Но что же делать теперь? Сказать матери? При одной мысли об этом она
зябко повела плечами. С тех пор, как в прошлом году умер отец, мать совсем
сошла с ума - она с подозрением следила за каждым шагом Мериды, будила
посреди ночи, задавала вопросы о парнях, с которыми она встречалась. Чем
они занимались? Курили эту поганую "траву"? Напивались вином? Луис видел
Мериду с Рико и сказал маме, что Рико - большой человек среди толкачей
кокаина на Закатном бульваре. Луис, которому было только двенадцать, бегал
с бандой подростков, которые называли себя "Убийцами", он убегал к ним
почти каждую ночь, и хулиганы из их банды ненавидели Рико, потому что ему
удалось подняться туда, куда он подняться не могли.
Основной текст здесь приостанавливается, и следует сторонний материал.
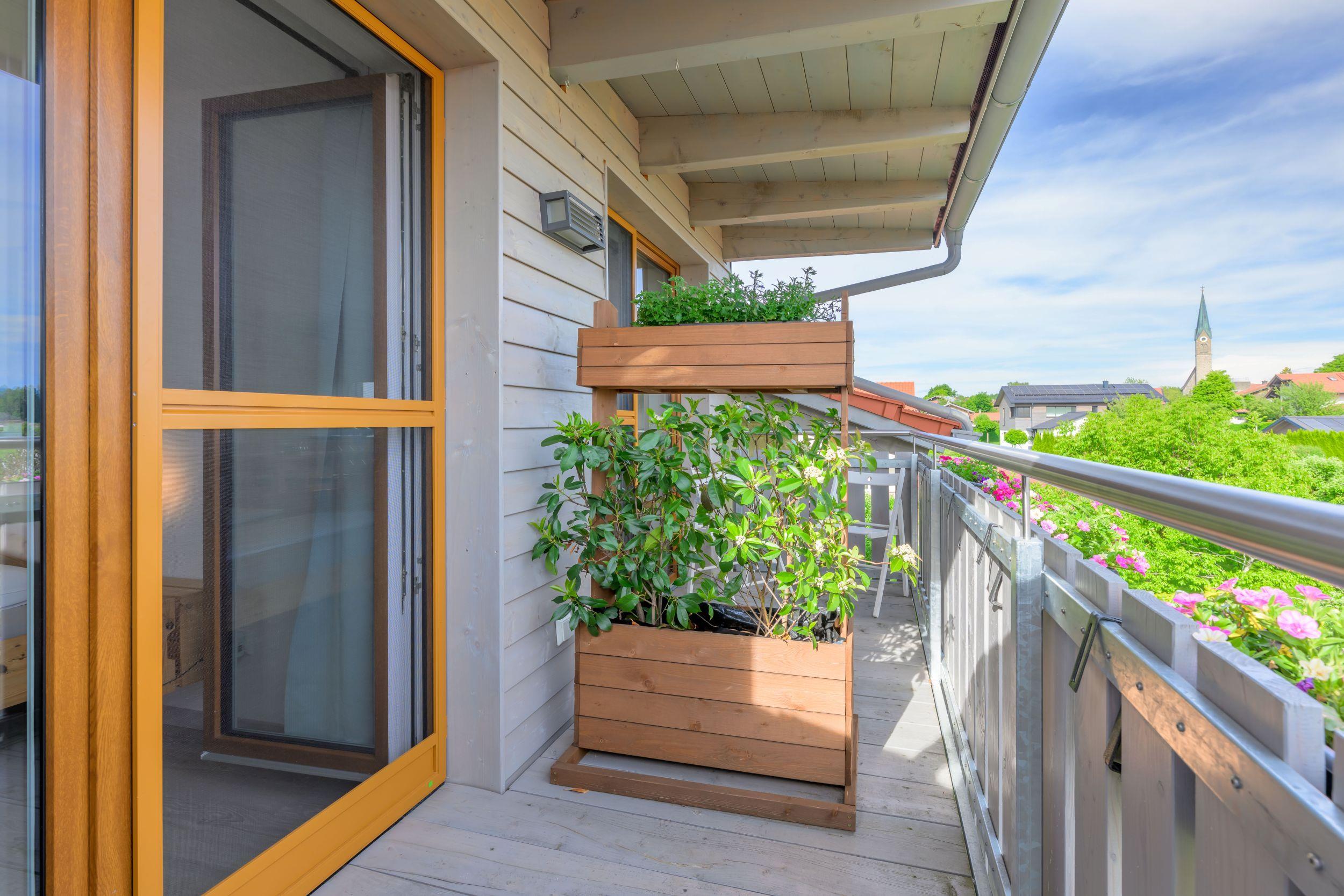 Those who love the nature of the foothills of the Alps and the mountains will be thrilled by our apartment "Sarah". When looking out of the window or from the balcony, not only the summit of the Kampenwand greets you, rather you can let your gaze wander to the Chiemgau and Berchtesgaden Alps and enjoy the magnificent landscape of the Chiemgau. "Get out of the daily grind, into relaxation", this is our credo and we offer high comfort with our vacation apartment "Sarah" for two people or the small family. The lovingly furnished apartment captivates not only by its natural furniture, rather it offers numerous amenities of a modern vacation apartment in this day and age. In the equipment we have consciously paid attention to a modern and environmentally conscious furnishing and so the approximately 50m ² presents itself with a fully equipped and spacious kitchen, which in addition to an electric stove including oven, a refrigerator and freezer combination, a dishwasher as well as coffee maker, kettle, microwave and toaster. The comfortable seating area can accommodate up to four people. With great attention to detail, the combined bedroom and living room was designed. We have provided the double bed with high-quality mattresses and slatted frames. For families, there is also a wide sofa bed for one to two people. We have provided the apartment with a powerful WLAN. The modern, large and swiveling flat screen TV provides the right picture and sound quality for cozy TV evenings. In addition, a digital radio with numerous linking options for data carriers is available to our guests. The bathroom in this apartment is characterized by modern elegance and is equipped with shower, towel dryer, toilet, hair dryer and sink. A washing machine is available in the basement of our house. If required, we are happy to offer you a baby crib or another extra bed. The covered south-facing balcony with a small seating area is an ideal place to relax. During construction last year have consciously paid attention to the selection of natural building materials. The brand-new and in wood post and beam construction built roof is insulated well above current standards and offers optional protection in hot temperatures, especially in the summer. During the construction we have not only taken into account the current concerns of fire protection, but we have also attached great importance to good sound insulation, so that you can spend your vacations undisturbed. Environmental protection and a careful use of our natural resources are a matter close to our hearts. That is why we not only use renewable raw materials for heating, but have also consciously decided to use solar energy. The large natural garden invites you to relax and offers a barbecue and a fireplace for cozy evenings. Children get their money's worth with a swing, among other things. On the covered north terrace our guests can spend the evening hours and enjoy the sunset on the horizon. In addition to an extensive collection of games, we also offer our guests a small reading corner and a selection of activities in the region. A parking space directly at the house ensures short distances. Still this year we expect our outdoor sauna, which invites you to relax next to the garden shower.

У Меридиной мамы
случился настоящий припадок истерики, она угрожала запереть Мериду в шкаф
или заявить в полицию, пусть отправят ее в специальную колонию. И что
произойдет теперь, если она скажет матери, что у нее в животе ребенок?
А может, сначала пойти повидать отца Сильверу? Возможно, он сам сможет
поговорить с мамой? Да, именно это и следует сделать.
Мерида отерла слезы с распухших век и оглянулась по сторонам,
определяя, в какую сторону идти. Она и самом деле бежала, не видя перед
собой дороги. Перед нею тянулась узкая улица, вдоль которой выстроились
мрачные кирпичные дома, уже нежилые, ставшие добычей уличных банд
подростков. На кучах мусора и битого кирпича блестели стеклянные осколки.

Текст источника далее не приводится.